The Botswana Meat Commission (BMC) has nearly no cash left and is not even complying with the Financial Intelligence Act (FIA), a report by the Auditor General has observed.
In her newly released report, the then-acting Auditor General, Keneilwe Senyarelo indicated that BMC’s auditors noted that BMC Group and the Commission continued to realise crippling losses on an annual basis.
The Auditor General has warned that “it is becoming increasingly difficult” for financially troubled BMC “to effectively implement its mandate and its strategy going forward.”
This has been the case over the previous financial reporting periods including current year’s loss of P112 million for the Group and P117 million loss for the Commission, said Senyarelo. “The losses had resulted in the accumulated deficit for the Group of P1.4 billion and P1.4 billion for Commission.”
As a result of the losses, the Auditor General’s report says; “BMC was not in compliance with Section 17 of the Botswana Meat Commission Act which stipulated that it was the duty of the Commission to make sufficient revenues to meet its ongoing obligations.”
According to Senyarelo; “Given the cumulative impact of limited financial resources available to the Group and Commission annually, it may increasingly become difficult for the Group to effectively implement its mandate and its strategy going forward.”
The report says whilst the auditors acknowledged that the “Commission’s objectives were to produce quality meat and value-adding products for global markets, there was a requirement in terms of the Commission Act for the Commission to be profitable and build up financial reserves.”
According to the report, the Commission was established through an Act of Parliament, suggesting that both the Group and the Commission are likely to continue receiving government support.
The Auditor General’s report also shows that BMC was not complying with the Financial Intelligence (FIA) Act of 2019.
“It was observed by the auditors that BMC did not carry out vetting for customers that transacted over the Act’s prescribed limit as well as maintaining a list of customers. It was stated that this was in contravention of the FIA Act,” the report says.

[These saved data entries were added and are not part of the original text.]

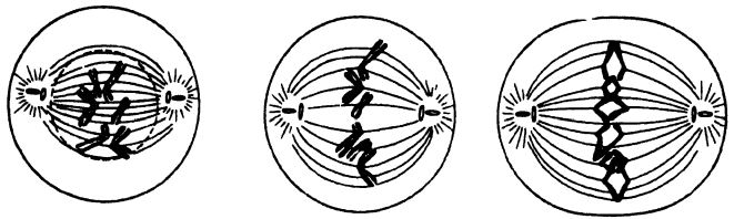कोशिका विभाजन के समय एक जटिल प्रक्रिया के द्वारा केन्द्रक में स्थित प्रत्येक गुणसूत्र खड़ी दिशा में विभाजित होकर दो भागों में बंट जाता है। इस प्रकार गुणसूत्रों की संख्या दुगनी हो जाती है। इसी अवधि में जीवद्रव्य और अन्य अंगों का विभाजन भी होता रहता है और जब तक यह प्रक्रिया पूरी होती हैं। गुणसूत्र भी अलग-अलग हो जाते हैं।
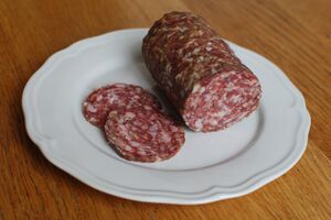 The word 'salami' in English comes from the plural form of the Italian salame[1] (النطق بالإيطالية: [saˈlaːme]). It is a singular or plural word in English for cured meats of a European (particularly Italian) style. In Romanian, Bulgarian, and Turkish, the word is salam; in Macedonian and Serbo-Croatian it is salama; in Hungarian, it is szalámi; in Czech it is salám; in Slovak, it is saláma; in Russian, Ukrainian, and Belarusian it is salyami while Polish, French, German, Greek and Dutch have the same word as English. The name may be derived from the Latin word salumen.[2][محل شك]
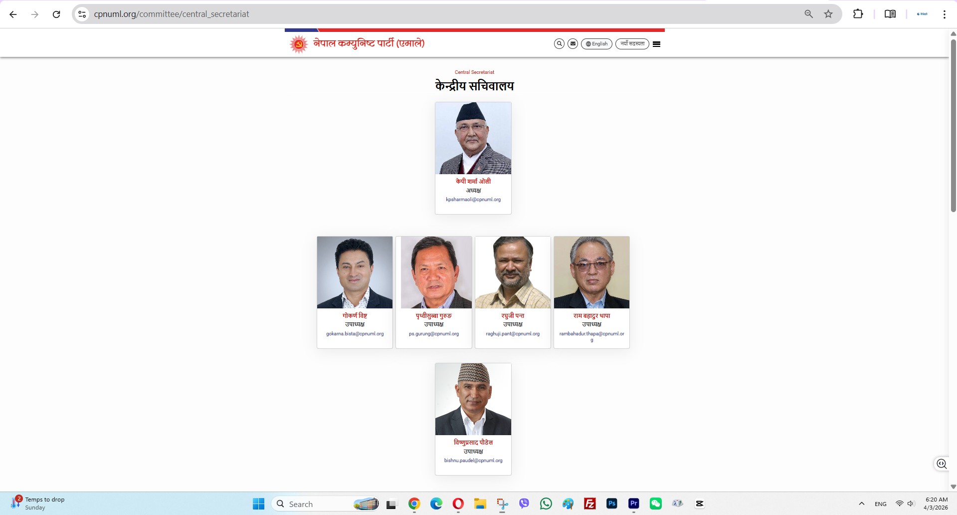 हाइटेक पार्टी दाबी गर्ने एमालेको वेबसाइटमा बादलको हैसियत अझै वृद्धि भएन
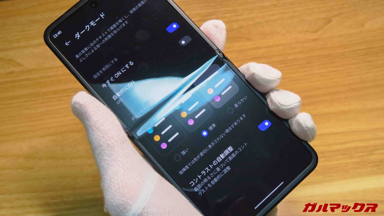 ▼折りたたみスマホの宿命としては中央部分に折れ目こそ出てきます。ダークモードだと反射でやや目立つけど、ライトモードでは目立たないですね。↓
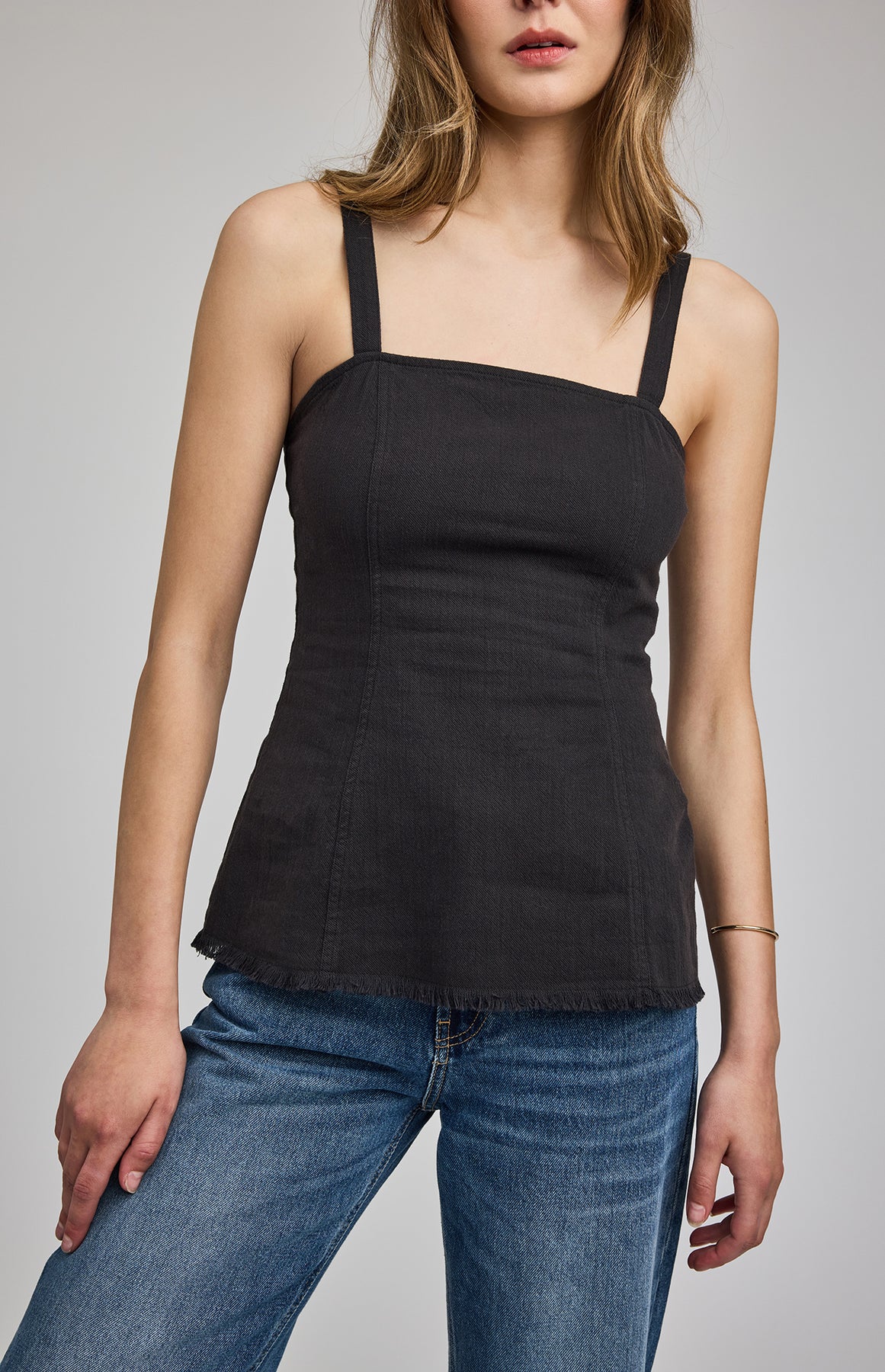 The Inez top is made of a textured cotton twill that has been specially washed for a soft feel. Features include adjustable straps, fringe hem detail, and a back smocking panel for ease of wear.

The auditors of BMC also observed that the Group structure included a number of dormant entities. It was noted that there were administrative costs associated with maintenance of the subsidiaries.
The report shows that, in response, Management indicated that in recognition of the continued exposure of BMC to the going-concern risk as evidenced by the negative balance sheet, a four-year turnaround strategy tagged Meriting Strategy was developed and approved in September 2021.
“The strategy was expected to provide a structured approach towards the implementation of initiatives that are geared towards returning BMC to profitability and sustainability by the year 2024,” the report says.
Regarding non-compliance with the FIA Act, the report says, management agreed that they would develop an anti-money laundering policy during the 2022 financial year to comply with the requirements of the Financial Intelligence Agency Act of 2019 and that they would ensure compliance at all times. Management further acknowledged that currently customers were not vetted in line with the provisions of the Act.
With regard to dormant subsidiaries, the report says, in response, management noted that the auditors’ recommendation was aligned with the Board’s decision of 2019 wherein management was instructed to liquidate or revive dormant companies as appropriate.
“This process was negatively impacted by lack of internal legal capacity which had been addressed. Mainline Carriers was reinstated in the CIPA registry in 2022. Allied Meat Insurance and BMC Meat Importers were in the process of liquidation,” the report says. However, the report says, as these companies were owned by Lobatse Leathers, which has been deregistered itself, the liquidation was stalled. The process was underway to re-register Lobatse Leathers with the help of external attorneys.